Pourquoi cela importe : des compétences que l'on peut copier et coller
L'une des découvertes les plus intéressantes est que ces « compétences » ne sont que du texte brut. Elles ne sont pas verrouillées à l'intérieur du cerveau de l'IA. Les chercheurs ont montré qu'ils pouvaient prendre les compétences apprises par un modèle énorme et puissant (comme le modèle à 27 milliards de paramètres) et les coller dans un modèle beaucoup plus petit et plus faible (un modèle à 9 milliards de paramètres).

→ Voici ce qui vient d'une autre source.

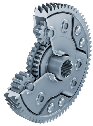 He added that this is because the decision to base the differential on spur, rather than bevel, gears had some significant implications on the choice of processes used to manufacture it. It was possible, for example, for the planetary gears to be pressed, rather than forged, while the housing of the differential could be manufactured from deep-drawn sheet metal parts.
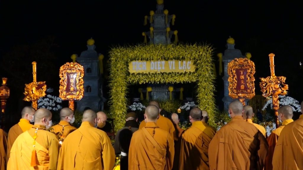 Sau thời tụng kinh Di Giáo, tăng chúng trang nghiêm nhiễu quanh Cụ và niệm Phật Di Đà.
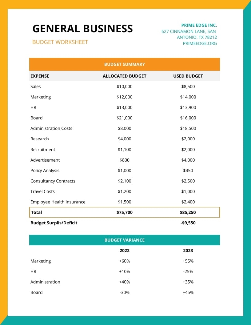 General Business Budget Worksheet Template Visme
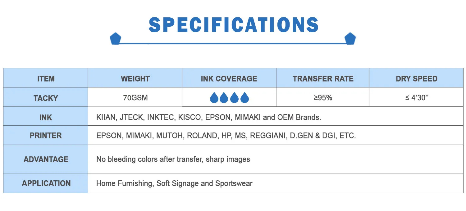 • 70gsm Hi-Sticky Sublimation Paper

Le plus petit modèle, qui ne pouvait pas résoudre les problèmes par lui-même, s'est soudainement beaucoup amélioré simplement en lisant le « guide de référence » écrit par le plus grand modèle.
- Le modèle 9B est passé d'une précision de 11,1 % à 34,5 % simplement en utilisant les compétences développées par le modèle 27B.
- Plus surprenant encore, ces compétences fonctionnaient à travers différents types de modèles d'IA. Une compétence apprise par une famille de modèles aidait une famille de modèles totalement différente à s'améliorer.
Ce que ce papier exclut
Le papier est très clair sur ce qui ne fonctionne pas. Il soutient que le simple fait de donner à une IA une liste d'outils (comme « zoom », « recadrer » ou « rechercher ») ne suffit pas pour ces types de problèmes spécifiques. L'IA doit écrire son propre algorithme de zéro. Il montre également que le simple fait de « réfléchir » plus intensément avec des mots n'aide pas ; le goulot d'étranglement n'est pas un manque d'idées, mais un manque d'exécution. L'IA peut décrire l'algorithme, mais sans exécuter le code, elle ne peut pas résoudre l'énigme.
L'essentiel
Ce papier suggère que pour les problèmes visuels nécessitant un calcul précis, la meilleure façon pour une IA de réfléchir est d'écrire du code. Mais la véritable percée est que ces modèles d'IA peuvent s'enseigner à eux-mêmes à devenir meilleurs dans l'écriture de ce code en déboguant leurs propres erreurs. Ils n'ont pas besoin d'un enseignant humain pour corriger leur code ; ils ont juste besoin d'un bac à sable pour l'exécuter, d'un miroir pour voir où ils ont échoué, et d'un peu de patience pour réessayer.
Les résultats sont mesurés et précis : sur un benchmark de 30 familles de tâches, les compétences auto-évoluées ont élevé la performance des meilleurs modèles de la quarantaine basse à la soixantaine haute (en pourcentage de précision). Bien que le papier ne prétende pas résoudre chaque problème visuel, il prouve que pour les tâches où la réponse réside dans les mathématiques des pixels plutôt que dans l'inspection visuelle, le codage est la clé, et l'auto-réflexion est la clé maîtresse.